BD engagée, BD fait de société, BD historique

Alice Guy

ALICE GUY, par Catel et Bocquet (Casterman, 2021, coll. Ecritures)

aliceBiographie dessinée de la première femme qui a réalisé des films, après avoir côtoyé Léon Gaumont, les frères Lumière, Georges Méliès et autres pionniers du cinéma. Née dans une famille française qui avait émigré en Amérique du Sud pour les activités du père, Alice a vécu trois ans auprès de sa grand-mère avant de rejoindre le reste de sa famille au Chili, avant d’être envoyée dans un pensionnat en Suisse puis en France. Déjà toute petite, Alice se révèle pleine de ressources. Et quand elle est embauchée comme secrétaire par monsieur Gaumont pour la société Richard, elle va prendre de plus en plus d’assurance, allant même jusqu’à proposer de réaliser son propre film, alors que le cinéma n’en est qu’à ses balbutiements… Alice devient la première femme à réaliser un très court film, nommé « la fée aux choux »… C’est le début de sa carrière cinématographique, qui va se poursuivre ensuite aux Etats-Unis avec son mari, rencontré à Paris…

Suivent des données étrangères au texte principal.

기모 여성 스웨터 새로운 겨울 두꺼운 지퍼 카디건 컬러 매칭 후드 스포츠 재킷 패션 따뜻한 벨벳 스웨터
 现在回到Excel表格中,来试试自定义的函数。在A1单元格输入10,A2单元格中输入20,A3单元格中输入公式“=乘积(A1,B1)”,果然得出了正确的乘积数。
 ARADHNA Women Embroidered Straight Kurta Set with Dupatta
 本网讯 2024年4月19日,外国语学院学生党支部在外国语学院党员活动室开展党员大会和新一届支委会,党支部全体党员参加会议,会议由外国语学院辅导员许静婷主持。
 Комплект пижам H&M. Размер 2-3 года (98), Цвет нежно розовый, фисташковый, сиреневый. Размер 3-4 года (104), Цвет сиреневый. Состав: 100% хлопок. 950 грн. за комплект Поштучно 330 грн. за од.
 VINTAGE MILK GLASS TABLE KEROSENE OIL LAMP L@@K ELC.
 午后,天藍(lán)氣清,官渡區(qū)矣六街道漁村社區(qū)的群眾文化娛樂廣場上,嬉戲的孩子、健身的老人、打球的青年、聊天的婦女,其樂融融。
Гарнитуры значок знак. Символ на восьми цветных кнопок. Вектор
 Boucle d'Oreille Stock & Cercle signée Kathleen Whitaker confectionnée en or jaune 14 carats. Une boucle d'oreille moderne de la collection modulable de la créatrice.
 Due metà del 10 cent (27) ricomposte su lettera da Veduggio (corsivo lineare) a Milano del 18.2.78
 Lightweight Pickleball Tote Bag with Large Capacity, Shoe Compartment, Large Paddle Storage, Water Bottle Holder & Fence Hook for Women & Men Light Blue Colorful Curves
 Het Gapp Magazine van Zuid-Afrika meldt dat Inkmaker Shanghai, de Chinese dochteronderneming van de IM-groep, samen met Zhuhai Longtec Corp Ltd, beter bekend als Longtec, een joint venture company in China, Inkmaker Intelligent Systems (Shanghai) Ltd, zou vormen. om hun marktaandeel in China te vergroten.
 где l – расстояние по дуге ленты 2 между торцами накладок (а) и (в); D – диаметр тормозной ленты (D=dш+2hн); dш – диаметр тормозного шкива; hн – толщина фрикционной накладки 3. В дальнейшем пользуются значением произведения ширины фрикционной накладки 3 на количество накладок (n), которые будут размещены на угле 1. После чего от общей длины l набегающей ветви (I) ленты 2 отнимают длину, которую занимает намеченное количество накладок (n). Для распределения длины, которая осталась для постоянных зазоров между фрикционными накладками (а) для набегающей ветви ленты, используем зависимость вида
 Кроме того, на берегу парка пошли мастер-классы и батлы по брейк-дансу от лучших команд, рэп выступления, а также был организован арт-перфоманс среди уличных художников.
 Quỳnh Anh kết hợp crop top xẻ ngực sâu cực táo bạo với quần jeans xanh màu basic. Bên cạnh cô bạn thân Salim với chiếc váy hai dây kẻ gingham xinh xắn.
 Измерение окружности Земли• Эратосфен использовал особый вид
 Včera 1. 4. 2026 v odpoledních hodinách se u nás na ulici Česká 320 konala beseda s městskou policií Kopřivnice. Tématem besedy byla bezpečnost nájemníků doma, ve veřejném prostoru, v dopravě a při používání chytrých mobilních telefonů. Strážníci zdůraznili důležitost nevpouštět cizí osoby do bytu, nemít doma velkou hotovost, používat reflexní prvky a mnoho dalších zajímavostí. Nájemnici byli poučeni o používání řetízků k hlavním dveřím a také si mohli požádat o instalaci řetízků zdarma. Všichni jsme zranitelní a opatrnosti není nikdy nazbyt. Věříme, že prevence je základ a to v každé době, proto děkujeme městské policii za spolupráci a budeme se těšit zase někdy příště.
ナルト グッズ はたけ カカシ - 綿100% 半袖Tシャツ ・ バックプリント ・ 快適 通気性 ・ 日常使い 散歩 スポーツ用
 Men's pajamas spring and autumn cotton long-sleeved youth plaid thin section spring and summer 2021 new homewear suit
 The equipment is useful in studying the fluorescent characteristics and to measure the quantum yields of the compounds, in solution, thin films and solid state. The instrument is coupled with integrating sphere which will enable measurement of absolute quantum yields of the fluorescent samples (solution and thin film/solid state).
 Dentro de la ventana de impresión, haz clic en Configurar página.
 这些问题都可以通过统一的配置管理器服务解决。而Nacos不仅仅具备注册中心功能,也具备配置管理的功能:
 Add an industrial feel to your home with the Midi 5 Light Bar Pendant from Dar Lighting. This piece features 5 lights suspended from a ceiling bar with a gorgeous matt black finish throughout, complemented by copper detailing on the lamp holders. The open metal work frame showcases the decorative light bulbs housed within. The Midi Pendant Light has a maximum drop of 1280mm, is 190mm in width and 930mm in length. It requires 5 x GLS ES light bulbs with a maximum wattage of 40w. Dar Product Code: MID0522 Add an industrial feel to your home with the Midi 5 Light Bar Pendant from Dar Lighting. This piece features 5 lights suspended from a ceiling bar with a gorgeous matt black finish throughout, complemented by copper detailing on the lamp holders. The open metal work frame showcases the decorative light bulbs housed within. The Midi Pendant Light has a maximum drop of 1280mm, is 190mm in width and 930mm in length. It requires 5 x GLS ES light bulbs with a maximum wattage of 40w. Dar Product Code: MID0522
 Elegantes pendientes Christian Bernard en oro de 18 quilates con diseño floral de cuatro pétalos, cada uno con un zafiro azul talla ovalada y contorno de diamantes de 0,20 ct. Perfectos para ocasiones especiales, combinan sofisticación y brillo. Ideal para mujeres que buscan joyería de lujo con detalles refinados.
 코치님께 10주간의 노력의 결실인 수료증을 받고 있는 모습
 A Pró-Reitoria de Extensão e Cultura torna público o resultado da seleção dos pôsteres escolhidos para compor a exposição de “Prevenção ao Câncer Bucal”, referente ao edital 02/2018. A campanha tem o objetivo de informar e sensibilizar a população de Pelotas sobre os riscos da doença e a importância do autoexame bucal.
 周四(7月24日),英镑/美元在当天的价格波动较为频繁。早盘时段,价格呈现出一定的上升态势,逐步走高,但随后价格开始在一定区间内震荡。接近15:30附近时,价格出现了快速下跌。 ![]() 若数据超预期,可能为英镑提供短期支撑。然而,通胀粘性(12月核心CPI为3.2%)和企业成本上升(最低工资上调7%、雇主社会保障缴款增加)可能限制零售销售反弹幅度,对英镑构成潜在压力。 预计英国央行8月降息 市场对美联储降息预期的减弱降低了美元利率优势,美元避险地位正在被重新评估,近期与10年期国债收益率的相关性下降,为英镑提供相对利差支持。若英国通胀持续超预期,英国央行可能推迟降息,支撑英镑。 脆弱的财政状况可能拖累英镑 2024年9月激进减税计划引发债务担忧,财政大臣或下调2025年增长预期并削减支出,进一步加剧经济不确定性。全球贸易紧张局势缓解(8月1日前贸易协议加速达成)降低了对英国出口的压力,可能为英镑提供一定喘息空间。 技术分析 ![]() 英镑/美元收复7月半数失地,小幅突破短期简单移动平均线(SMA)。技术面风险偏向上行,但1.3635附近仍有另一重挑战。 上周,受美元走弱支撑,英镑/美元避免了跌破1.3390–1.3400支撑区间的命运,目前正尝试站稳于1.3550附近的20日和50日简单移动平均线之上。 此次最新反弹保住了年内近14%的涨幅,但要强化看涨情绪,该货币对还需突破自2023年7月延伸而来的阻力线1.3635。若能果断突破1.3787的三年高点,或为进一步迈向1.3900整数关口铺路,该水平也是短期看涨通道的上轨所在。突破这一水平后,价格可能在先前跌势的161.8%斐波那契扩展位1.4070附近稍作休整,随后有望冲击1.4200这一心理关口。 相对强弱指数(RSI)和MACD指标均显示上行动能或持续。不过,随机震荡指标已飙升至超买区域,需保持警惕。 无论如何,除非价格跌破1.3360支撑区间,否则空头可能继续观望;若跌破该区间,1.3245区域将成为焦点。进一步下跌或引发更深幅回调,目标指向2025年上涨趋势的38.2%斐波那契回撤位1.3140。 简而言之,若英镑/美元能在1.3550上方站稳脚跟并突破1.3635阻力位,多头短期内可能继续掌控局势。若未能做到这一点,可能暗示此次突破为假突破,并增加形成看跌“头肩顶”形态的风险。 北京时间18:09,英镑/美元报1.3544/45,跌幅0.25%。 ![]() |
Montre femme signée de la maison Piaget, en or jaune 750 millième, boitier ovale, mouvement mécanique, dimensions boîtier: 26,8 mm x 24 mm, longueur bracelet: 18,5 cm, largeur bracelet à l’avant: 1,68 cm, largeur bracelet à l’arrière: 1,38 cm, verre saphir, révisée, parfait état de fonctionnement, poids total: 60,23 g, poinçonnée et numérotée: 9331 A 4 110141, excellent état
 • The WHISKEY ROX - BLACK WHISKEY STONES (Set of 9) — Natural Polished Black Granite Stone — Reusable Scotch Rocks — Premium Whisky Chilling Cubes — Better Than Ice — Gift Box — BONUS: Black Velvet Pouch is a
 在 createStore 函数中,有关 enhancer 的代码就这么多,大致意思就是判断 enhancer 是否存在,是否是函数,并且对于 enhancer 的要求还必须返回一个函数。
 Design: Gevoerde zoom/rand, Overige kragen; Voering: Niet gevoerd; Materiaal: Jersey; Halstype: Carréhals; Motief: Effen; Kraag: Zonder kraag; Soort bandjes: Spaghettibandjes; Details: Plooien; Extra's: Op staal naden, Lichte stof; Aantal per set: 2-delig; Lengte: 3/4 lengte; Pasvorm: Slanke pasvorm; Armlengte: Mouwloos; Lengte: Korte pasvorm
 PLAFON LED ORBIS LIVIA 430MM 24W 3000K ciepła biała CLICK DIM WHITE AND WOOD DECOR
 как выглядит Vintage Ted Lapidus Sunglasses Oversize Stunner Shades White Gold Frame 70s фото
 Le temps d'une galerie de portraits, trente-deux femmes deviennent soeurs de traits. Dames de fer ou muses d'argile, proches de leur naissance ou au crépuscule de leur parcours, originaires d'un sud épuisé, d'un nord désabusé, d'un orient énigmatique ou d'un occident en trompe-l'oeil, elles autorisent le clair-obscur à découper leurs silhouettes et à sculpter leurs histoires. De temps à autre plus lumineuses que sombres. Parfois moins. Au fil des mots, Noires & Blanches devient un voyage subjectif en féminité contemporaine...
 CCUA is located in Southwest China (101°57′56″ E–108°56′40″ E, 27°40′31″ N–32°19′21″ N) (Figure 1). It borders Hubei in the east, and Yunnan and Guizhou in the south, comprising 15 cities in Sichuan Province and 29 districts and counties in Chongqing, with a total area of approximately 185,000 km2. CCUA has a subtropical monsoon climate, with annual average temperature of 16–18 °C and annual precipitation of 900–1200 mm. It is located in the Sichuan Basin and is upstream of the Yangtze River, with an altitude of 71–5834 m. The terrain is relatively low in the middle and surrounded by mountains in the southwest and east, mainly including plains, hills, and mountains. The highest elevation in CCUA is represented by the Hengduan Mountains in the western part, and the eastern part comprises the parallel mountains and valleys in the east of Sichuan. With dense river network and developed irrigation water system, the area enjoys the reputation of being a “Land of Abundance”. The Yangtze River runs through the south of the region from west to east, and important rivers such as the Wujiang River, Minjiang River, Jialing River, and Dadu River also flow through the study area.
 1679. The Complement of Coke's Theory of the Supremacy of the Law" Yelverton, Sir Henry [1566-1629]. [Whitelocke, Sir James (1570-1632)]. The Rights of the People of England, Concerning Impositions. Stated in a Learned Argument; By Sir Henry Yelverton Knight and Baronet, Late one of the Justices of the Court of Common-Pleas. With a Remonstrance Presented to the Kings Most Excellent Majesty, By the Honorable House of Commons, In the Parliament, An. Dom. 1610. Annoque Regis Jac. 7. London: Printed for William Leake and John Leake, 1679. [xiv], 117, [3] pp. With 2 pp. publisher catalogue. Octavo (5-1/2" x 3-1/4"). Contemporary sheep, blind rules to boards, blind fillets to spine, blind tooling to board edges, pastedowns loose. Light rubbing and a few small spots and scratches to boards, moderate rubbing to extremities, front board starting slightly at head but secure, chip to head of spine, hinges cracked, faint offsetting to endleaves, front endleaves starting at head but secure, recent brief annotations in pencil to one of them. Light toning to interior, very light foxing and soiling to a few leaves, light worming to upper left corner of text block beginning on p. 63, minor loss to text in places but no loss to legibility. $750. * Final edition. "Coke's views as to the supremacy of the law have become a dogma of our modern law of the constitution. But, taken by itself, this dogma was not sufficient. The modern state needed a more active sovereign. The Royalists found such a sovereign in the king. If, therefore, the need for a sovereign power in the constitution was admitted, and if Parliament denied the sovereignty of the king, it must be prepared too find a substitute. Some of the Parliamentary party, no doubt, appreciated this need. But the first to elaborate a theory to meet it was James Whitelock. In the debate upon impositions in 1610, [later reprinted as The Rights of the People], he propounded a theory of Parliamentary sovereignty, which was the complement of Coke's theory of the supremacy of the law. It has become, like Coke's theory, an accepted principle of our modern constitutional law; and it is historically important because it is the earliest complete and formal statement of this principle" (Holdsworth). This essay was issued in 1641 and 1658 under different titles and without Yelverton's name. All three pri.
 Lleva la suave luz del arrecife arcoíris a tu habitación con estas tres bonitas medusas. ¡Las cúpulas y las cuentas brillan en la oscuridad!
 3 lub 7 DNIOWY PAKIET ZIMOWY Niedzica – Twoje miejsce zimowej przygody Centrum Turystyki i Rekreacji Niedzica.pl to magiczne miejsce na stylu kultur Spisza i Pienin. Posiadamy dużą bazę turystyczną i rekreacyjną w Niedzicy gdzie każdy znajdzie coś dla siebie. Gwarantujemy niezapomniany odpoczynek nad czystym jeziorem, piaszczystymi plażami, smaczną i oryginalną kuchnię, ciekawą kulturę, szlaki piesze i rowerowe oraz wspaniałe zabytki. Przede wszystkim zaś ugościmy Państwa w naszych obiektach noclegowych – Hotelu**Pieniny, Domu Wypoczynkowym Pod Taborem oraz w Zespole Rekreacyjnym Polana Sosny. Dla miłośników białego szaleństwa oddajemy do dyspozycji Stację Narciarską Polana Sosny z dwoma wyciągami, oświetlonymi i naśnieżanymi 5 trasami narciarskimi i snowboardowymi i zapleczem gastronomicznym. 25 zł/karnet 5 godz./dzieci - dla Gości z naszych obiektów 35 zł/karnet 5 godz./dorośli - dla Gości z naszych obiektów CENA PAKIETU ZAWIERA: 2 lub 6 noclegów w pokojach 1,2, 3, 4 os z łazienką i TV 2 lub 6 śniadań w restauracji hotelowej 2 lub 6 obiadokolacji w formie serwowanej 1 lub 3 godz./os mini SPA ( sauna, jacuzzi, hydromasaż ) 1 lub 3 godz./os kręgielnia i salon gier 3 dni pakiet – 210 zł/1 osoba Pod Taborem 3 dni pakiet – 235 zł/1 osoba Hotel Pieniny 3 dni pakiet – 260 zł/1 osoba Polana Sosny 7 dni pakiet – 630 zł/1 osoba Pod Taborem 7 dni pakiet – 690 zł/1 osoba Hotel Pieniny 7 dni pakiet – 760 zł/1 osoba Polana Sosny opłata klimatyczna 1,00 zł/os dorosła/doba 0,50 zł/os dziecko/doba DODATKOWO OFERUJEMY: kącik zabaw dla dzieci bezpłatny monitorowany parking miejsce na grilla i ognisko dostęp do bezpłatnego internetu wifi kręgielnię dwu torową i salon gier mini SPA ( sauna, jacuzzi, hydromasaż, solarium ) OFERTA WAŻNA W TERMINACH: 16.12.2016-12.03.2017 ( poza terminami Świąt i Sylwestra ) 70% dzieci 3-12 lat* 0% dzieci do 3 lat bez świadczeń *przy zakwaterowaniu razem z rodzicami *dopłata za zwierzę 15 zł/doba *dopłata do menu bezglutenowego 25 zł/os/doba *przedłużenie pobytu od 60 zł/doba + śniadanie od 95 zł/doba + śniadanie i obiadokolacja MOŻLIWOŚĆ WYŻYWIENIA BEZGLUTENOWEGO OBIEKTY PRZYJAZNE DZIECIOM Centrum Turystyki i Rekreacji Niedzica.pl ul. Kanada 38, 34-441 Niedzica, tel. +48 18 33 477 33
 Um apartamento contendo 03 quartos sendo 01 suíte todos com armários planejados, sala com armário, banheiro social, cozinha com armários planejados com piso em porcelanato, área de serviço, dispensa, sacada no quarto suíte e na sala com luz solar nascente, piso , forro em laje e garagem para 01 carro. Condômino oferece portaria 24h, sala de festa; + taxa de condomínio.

Voici une biographie qui a fait parler d’elle lors de sa sortie à l’automne dernier. C’est l’occasion de mettre en lumière une femme dont le parcours exceptionnel a été oublié. A vrai dire avant de lire cet album, je n’avais jamais entendu parler d’Alice Guy, comme beaucoup certainement…

J’ai retrouvé le style des auteurs, déjà lus avec Josephine Baker ou Kiki de Montparnasse, et connus aussi pour Olympe de Gouges. Comme à chaque fois, le chapitrage est chronologique, avec à chaque fois une date et un lieu, pour situer l’action. Ici, j’ai plus apprécié la première partie sur son enfance, entre le Chili et l’Europe, et même si j’ai trouvé la suite sur ses aventures cinématographiques très riche, ce ne fut pas forcément toujours clair quand on n’y connaît rien ou pas grand-chose. Il y a des références historiques, des personnages célèbres (Gaumont, Lumière, Chaplin, Keaton…), on sent qu’elle a côtoyé tout ce monde, participants d’une époque de pionniers du cinéma, qui a pourtant totalement ignoré son nom pour l’histoire…

Graphiquement, le style de Catel, avec un trait clair en noir et blanc, s’adapte tout à fait au personnage, avec les grandes robes, les chignons. On imagine facilement la femme assez chic, naviguant dans un milieu masculin pas franchement favorable à l’arrivée d’une femme parmi eux. Le gaufrier que la dessinatrice utilise est varié, mêlant les petites vignettes à celles plus grandes allant jusqu’à la page entière. C’est plaisant à parcourir, sans redondance.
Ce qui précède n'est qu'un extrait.